(Exercise input begins)

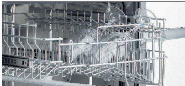
Komfortable Bedienung des Oberkorbs.
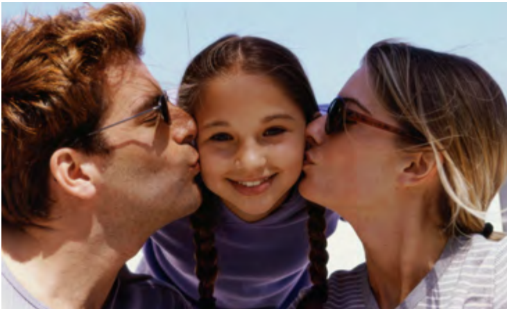
La base de la construction d'un enfant, c'est l'amour.

N ous souhaitons transmettre à nos enfants ce qui leur permettra de vivre leur vie avec ses joies et ses difficultés, tout en étant heureux et responsables. Bien sûr, cela n'est possible qu'avec l'amour, un amour responsable qui ne cherche ni le plaisir de l'enfant, ni une reconnaissance pour nous parents, mais uniquement son bonheur... car oui, il y a une grande différence entre le plaisir et le bonheur.
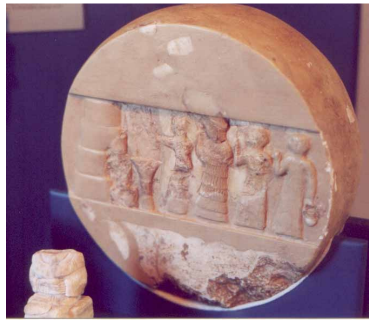
Figura 4. Inscripción en disco de alabastro

En general, los hombres y las mujeres mesopotámicas no tenían los mismos derechos, si bien es cierto que en periodos tempranos las mujeres podían comprar, vender, atender a asuntos legales en ausencia de los hombres, tener sus propias propiedades, prestar y pedir prestado e incluso realizar negocios por sí mismas.
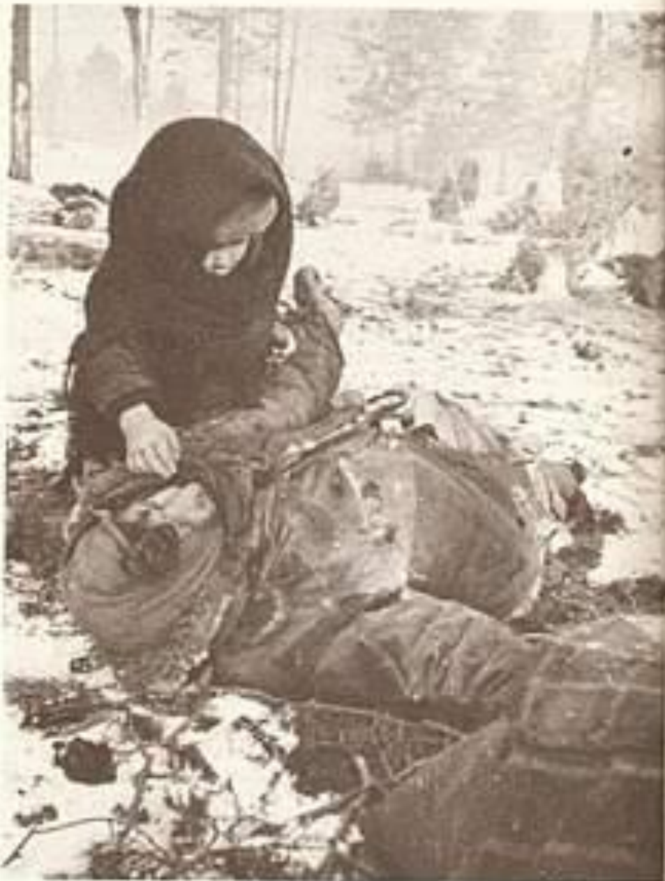
Ein Kind an der Leiche seiner Mutter, umgekommen in einem KZ für Zivilisten, nahe der Ortschaft Czestoch.
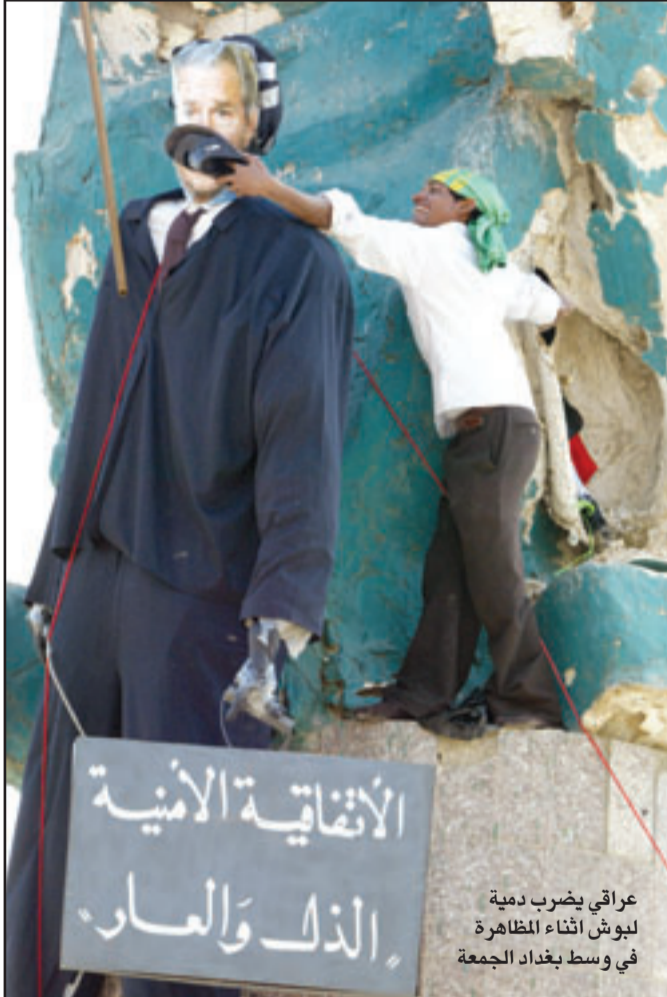
عراقي يضرب دمية لبوش أثناء المظاهرة في وسط بغداد الجمعة

وقالت: نحن في جبهة التوافق لسنا ضد الاتفاقية والاتفاقية وضعت مجموعة من التعديلات عليها، وقدمتها إلى رئيس الوزراء والسفارة الأمريكية، ويعد وصول الاتفاقية إلى مجلس النواب اتضح انه 90م مقترحاًتنا لم يأخذ بها. وأكدت: ان جبهتها ما زالت لديها تحفظات على الاتفاقية الأمنية. (تفاصيل ص 3)
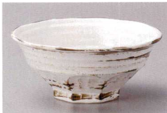
777-01-655 2,640円 錆粉引7.0長浜丼 (21.2×9.2cm)

(Exercise input ends)

**What to work on**
Give back the entries above exactly as they stand. Leave the images out.

**Result of the exercise**
Komfortable Bedienung des Oberkorbs.
La base de la construction d'un enfant, c'est l'amour.

N ous souhaitons transmettre à nos enfants ce qui leur permettra de vivre leur vie avec ses joies et ses difficultés, tout en étant heureux et responsables. Bien sûr, cela n'est possible qu'avec l'amour, un amour responsable qui ne cherche ni le plaisir de l'enfant, ni une reconnaissance pour nous parents, mais uniquement son bonheur... car oui, il y a une grande différence entre le plaisir et le bonheur.
Figura 4. Inscripción en disco de alabastro

En general, los hombres y las mujeres mesopotámicas no tenían los mismos derechos, si bien es cierto que en periodos tempranos las mujeres podían comprar, vender, atender a asuntos legales en ausencia de los hombres, tener sus propias propiedades, prestar y pedir prestado e incluso realizar negocios por sí mismas.
Ein Kind an der Leiche seiner Mutter, umgekommen in einem KZ für Zivilisten, nahe der Ortschaft Czestoch.
عراقي يضرب دمية لبوش أثناء المظاهرة في وسط بغداد الجمعة

وقالت: نحن في جبهة التوافق لسنا ضد الاتفاقية والاتفاقية وضعت مجموعة من التعديلات عليها، وقدمتها إلى رئيس الوزراء والسفارة الأمريكية، ويعد وصول الاتفاقية إلى مجلس النواب اتضح انه 90م مقترحاًتنا لم يأخذ بها. وأكدت: ان جبهتها ما زالت لديها تحفظات على الاتفاقية الأمنية. (تفاصيل ص 3)
777-01-655 2,640円 錆粉引7.0長浜丼 (21.2×9.2cm)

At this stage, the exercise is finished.